**What needs to be done**
All of the data should be given again word for word, though the images are to be left out.
=== Data block ===
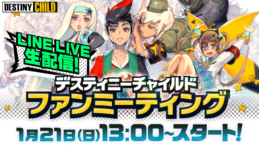 2018年1月21日(日)13:00より『デスティニーチャイルド』初のオフラインイベント『デスティニーチャイルド ファンミーティング』をLINE LIVEで生配信!
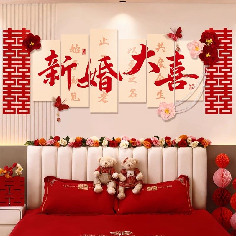 婚房布置套装婚礼结婚男女方闺房卧室床头装饰酒店房间氛围拉花
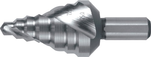 Step drill drill. range 6–25 mm HSS spiral-grooved no. of cutters 2 no. of steps
===
**Response**
 2018年1月21日(日)13:00より『デスティニーチャイルド』初のオフラインイベント『デスティニーチャイルド ファンミーティング』をLINE LIVEで生配信!
 婚房布置套装婚礼结婚男女方闺房卧室床头装饰酒店房间氛围拉花
 Step drill drill. range 6–25 mm HSS spiral-grooved no. of cutters 2 no. of steps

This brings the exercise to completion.